_What to produce_
Below are records; extract exactly the lines from the one containing "우리는 달걀프라이, 양배추, 치즈, 잼" through the last, both included, and keep the pictures out.

[Task inputs Boundary: Start]

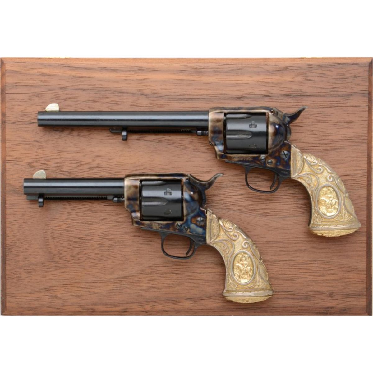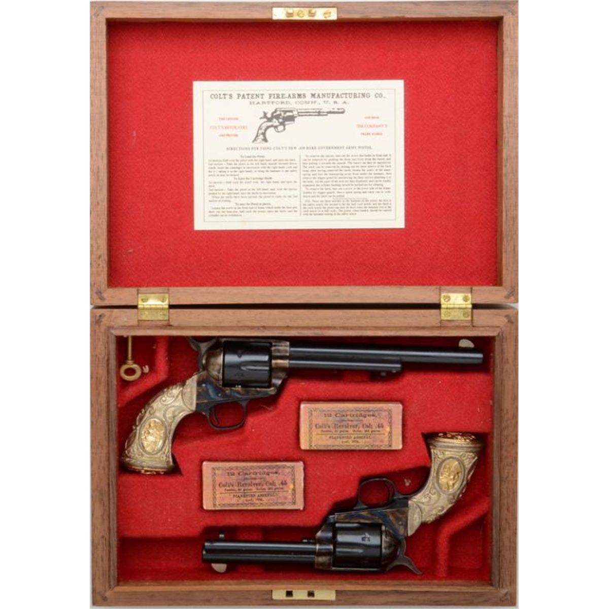 Great cased pair of miniature SAA revolvers, Colt marked but no Italian proofs, likely made by the Imperial Armoury; both guns are in excellent condition showing little handling and both with Tiffany-style grips;one is a 7-1/2” style barrel, #1061; the other is a 4-3/4” style barrel, #1052; wood display box is fine overall with red lined interior, lid label and two inset miniature copies of 12 cartridge ammunition boxes.Est.: $1,250-$2,500.
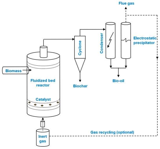Fast pyrolysis can generate between 60 wt% and 75 wt% of liquid products, 15 wt% to 25 wt% of biochar, and 10 wt% to 20 wt% of non-condensable gaseous products [31,45]. Biomass particle size also impacts the yields of fast pyrolysis products. Biomass particles smaller than 2 mm tend to favor the production of bio-oil and gas, while particles with a size up to 10 mm increase the yield of biochar, considering a study carried out at 500 °C and a residence time of 3 min using waste biomass [51]. Hence, it becomes relevant to consider optimizing biomass particle size to maximize the efficiency of the fast pyrolysis process. Among other parameters of the fast pyrolysis process, the volume of fluidizing gas, such as nitrogen, affects both the temperature distribution and heat transfer in the reactor, which directly influences the yield of the products. A higher inert gas flow rate leads to a short vapor residence time. In addition, if the biomass feed rate is too fast, it may reduce biomass conversion, negatively affecting bio-oil yield, which may incur high energy requirements for preheating and system operation [54].
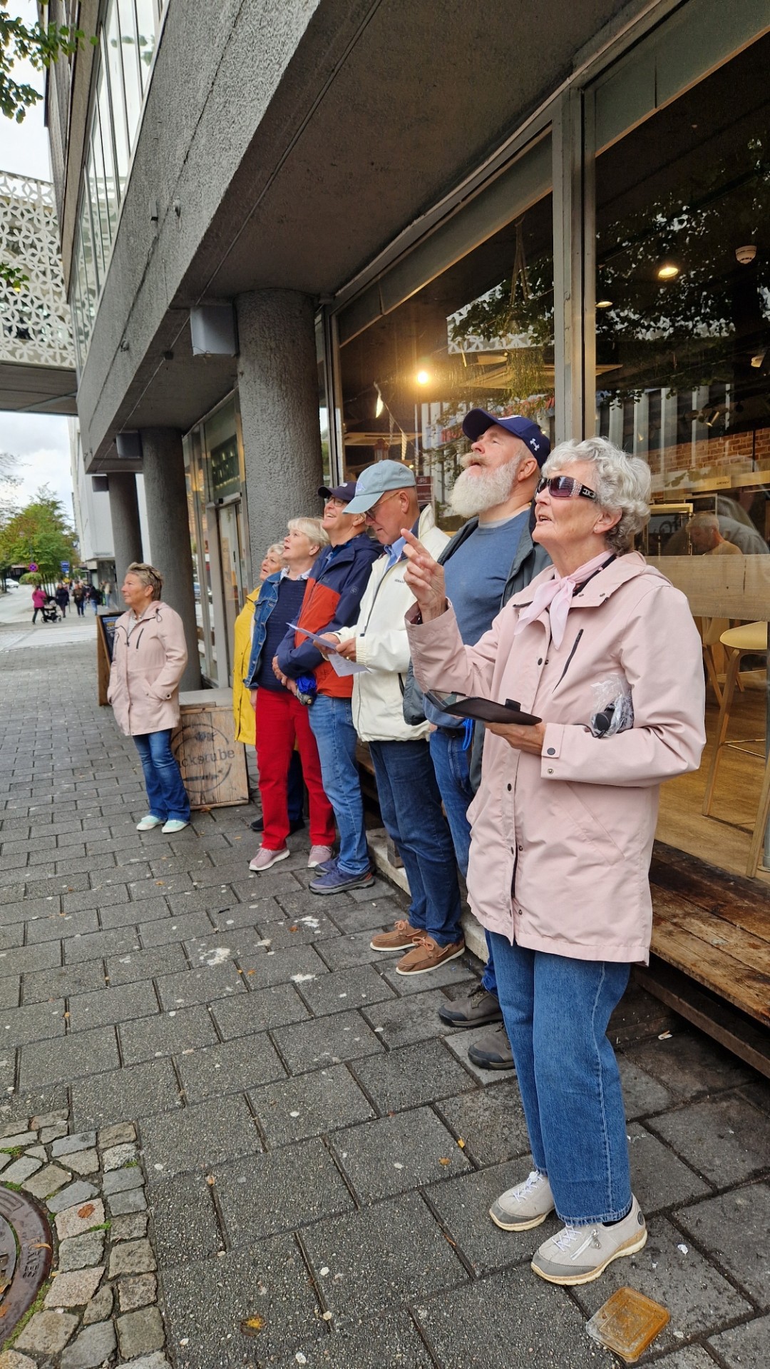 En fin septemberdag startet vi opp høsten med å vandre i Stavanger med foreningens egen Bjørn H. Jæger som guide. Godt pålest fortalte han om smått og stort – gamle og nye farger og former ble sett på. Interessante opplysninger fikk vi til livs og plutselig kjente vi Stavanger litt bedre!
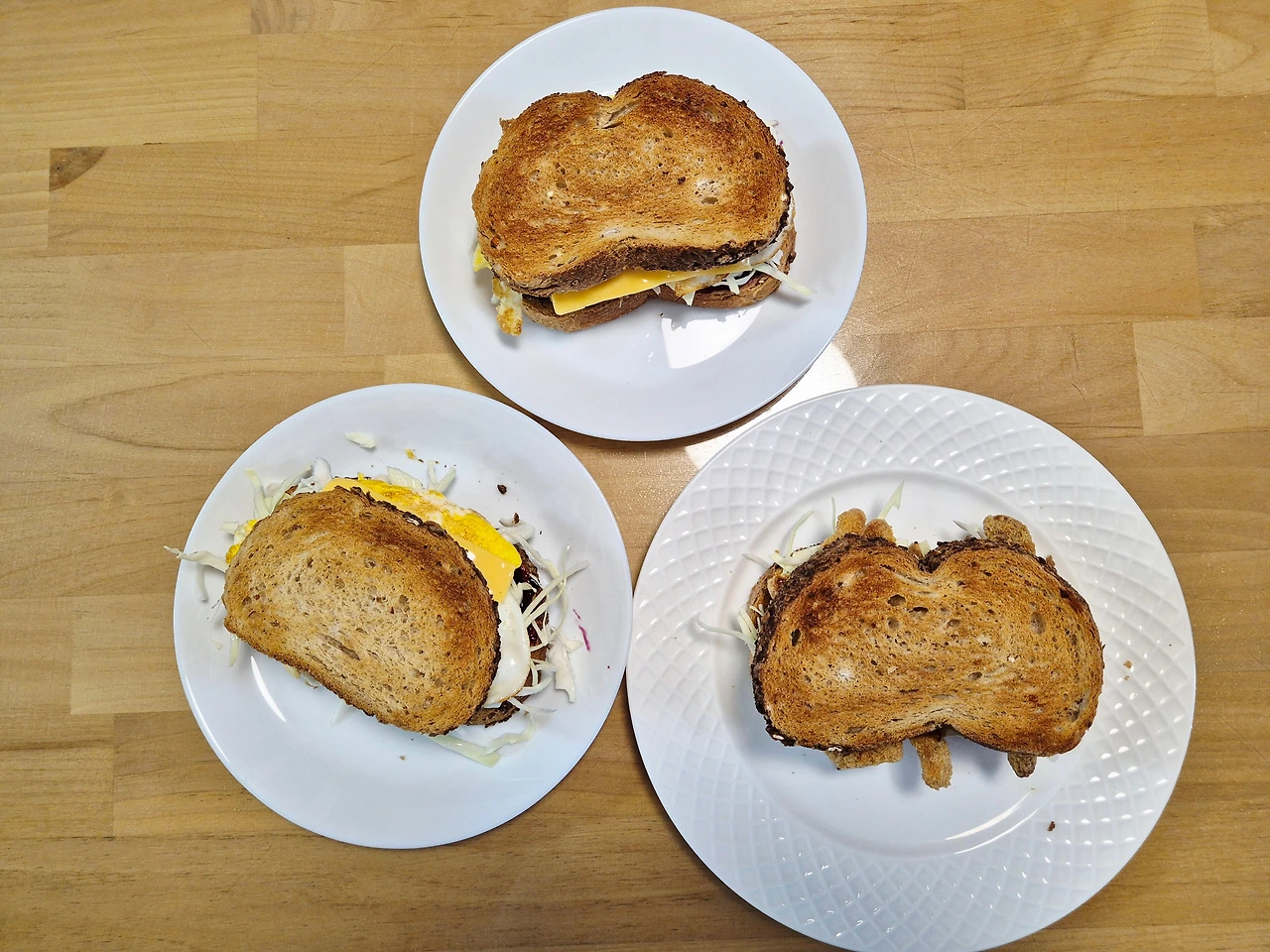 우리는 달걀프라이, 양배추, 치즈, 잼
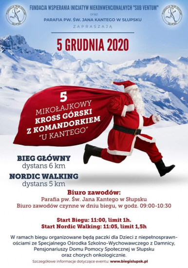 "V Mikołajkowy Kross Górski z Komandorkiem u Kantego" to cykliczna impreza sportowo-charytatywna połączona z akcją organizowania paczek dla potrzebujących Dzieci, Seniorów oraz chorych onkologicznie.
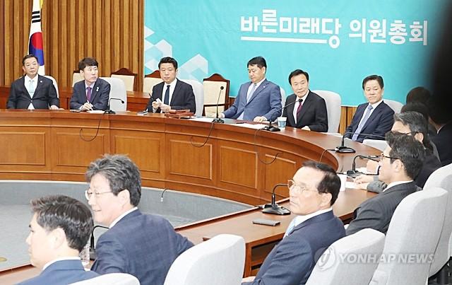 바른미래당 손학규 대표(테이블 왼쪽 여섯번째)와 김관영 원내대표 등 참석한 의원들이 20일 오전 국회에서 열린 비공개 최고위원회의 겸 의원총회에 참석해 주변을 둘러보고 있다. 바른미래당은 여야 4당의 선거제·개혁법안 패스트트랙(신속처리안건 지정) 추진 과정에서 내홍이 격화되고 있다.
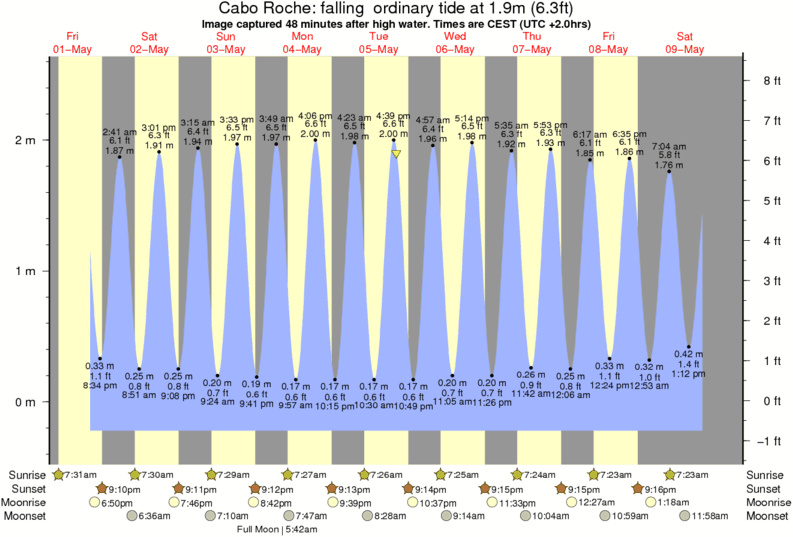 Image captured 48 minutes after high water (falling ordinary tide). Tide height was 1.9m (6.3 ft). Range 2.60m (8.5 ft). Toggle tide graph

[Task inputs Boundary: End]

_Answer for the task_
 우리는 달걀프라이, 양배추, 치즈, 잼
 "V Mikołajkowy Kross Górski z Komandorkiem u Kantego" to cykliczna impreza sportowo-charytatywna połączona z akcją organizowania paczek dla potrzebujących Dzieci, Seniorów oraz chorych onkologicznie.
 바른미래당 손학규 대표(테이블 왼쪽 여섯번째)와 김관영 원내대표 등 참석한 의원들이 20일 오전 국회에서 열린 비공개 최고위원회의 겸 의원총회에 참석해 주변을 둘러보고 있다. 바른미래당은 여야 4당의 선거제·개혁법안 패스트트랙(신속처리안건 지정) 추진 과정에서 내홍이 격화되고 있다.
 Image captured 48 minutes after high water (falling ordinary tide). Tide height was 1.9m (6.3 ft). Range 2.60m (8.5 ft). Toggle tide graph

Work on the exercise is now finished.